- Task to complete:
Please output the line containing "Adorable Roller Rabbit" and all lines that follow it in the data below, exactly, with no pictures.

- Information supplied:
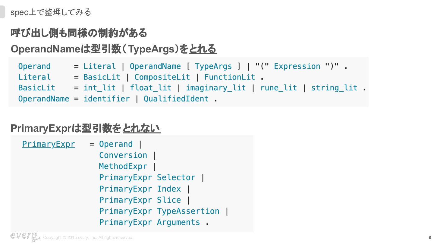 呼び出し側も同様の制約がある OperandNameは型引数( TypeArgs)をとれる PrimaryExprは型引数を とれない
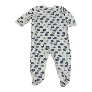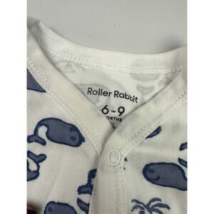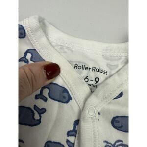 Adorable Roller Rabbit footed sleeper! This white sleeper features a charming blue whales print all over.
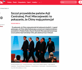 On May 21, 2023, Prof. Dominik Mierzejewski took part in the broadcast "Srodek od środka" on Polish Radio 24. The conversation with Rafał Tomański concerned the two-day summit of the leaders of five Central Asian countries and China in Xi'an. Prof. Mierzejewski pointed out the connections between the city where the summit took place and the history and the period of the greatest prosperity of the Silk Road. According to Prof. Mierzejewski, the summit was intended to show that China is still active. Therefore it wasn't a coincidence it was organised simultaneously with the G7 summit in Japan. The entire material is available to listen to here.

- Result below:
 Adorable Roller Rabbit footed sleeper! This white sleeper features a charming blue whales print all over.
 On May 21, 2023, Prof. Dominik Mierzejewski took part in the broadcast "Srodek od środka" on Polish Radio 24. The conversation with Rafał Tomański concerned the two-day summit of the leaders of five Central Asian countries and China in Xi'an. Prof. Mierzejewski pointed out the connections between the city where the summit took place and the history and the period of the greatest prosperity of the Silk Road. According to Prof. Mierzejewski, the summit was intended to show that China is still active. Therefore it wasn't a coincidence it was organised simultaneously with the G7 summit in Japan. The entire material is available to listen to here.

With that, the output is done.